Tsitsi Dangarembga and Jean McNeil also gave masterclasses during the week. The workshop culminated in a sold-out performance based on Dangarembga's important novel Nervous Conditions, held at Cheche Books, a local independent bookshop, that was attended by the general public, journalists and staff from the British Council and the Goethe-Institut. The British Council also hosted a dinner for the facilitators and for local literary figures.

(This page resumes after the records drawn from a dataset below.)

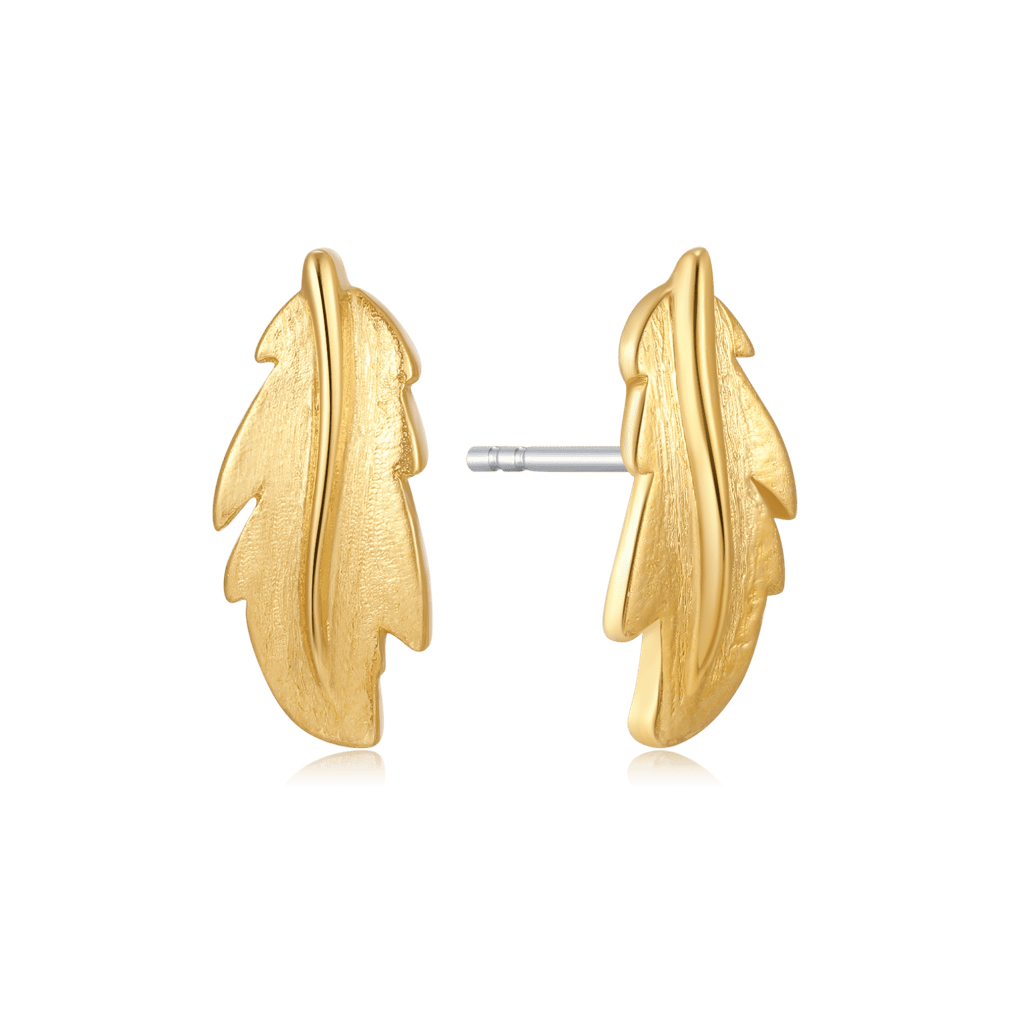 Sølv ørestikker forgyldt blad med rhodineret stik og lås.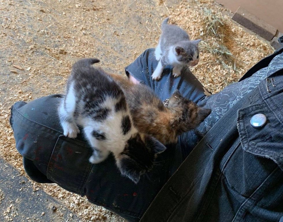 A tiny kitten ran up to a kind person on a farm. She brought her two feline siblings along.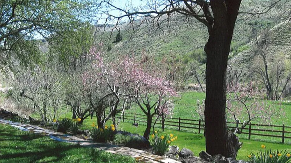 ranch is located along Dixie Creek. A 1951 home is nestled among the tidy landscaping of rocks, fruit trees and cedar trees.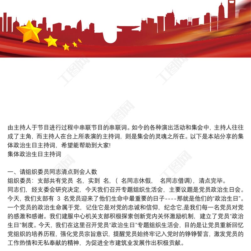工圖網(wǎng)提供集體政治生日主持詞供會(huì)員免費(fèi)下載。更多精彩黨課PPT素材,盡在工圖網(wǎng)。

Two anthologies of short stories were produced after the workshop - one in Kiswahili and one in English, with stories written in either language translated into the other.
Our Partners
About
The position of International Chair has been created through the power of philanthropy, and with further philanthropic support we hope to invite four more Chairs and 40 more scholarship students from other regions to help shape literature around the world for the next 50 years. Like Tsitsi, each Chair will have a year-long remit to help find, nurture and promote emerging new writers in their region. The ambition is to run the programme over five years, in four more regions - Asia, Australasia, the Americas and the Middle East.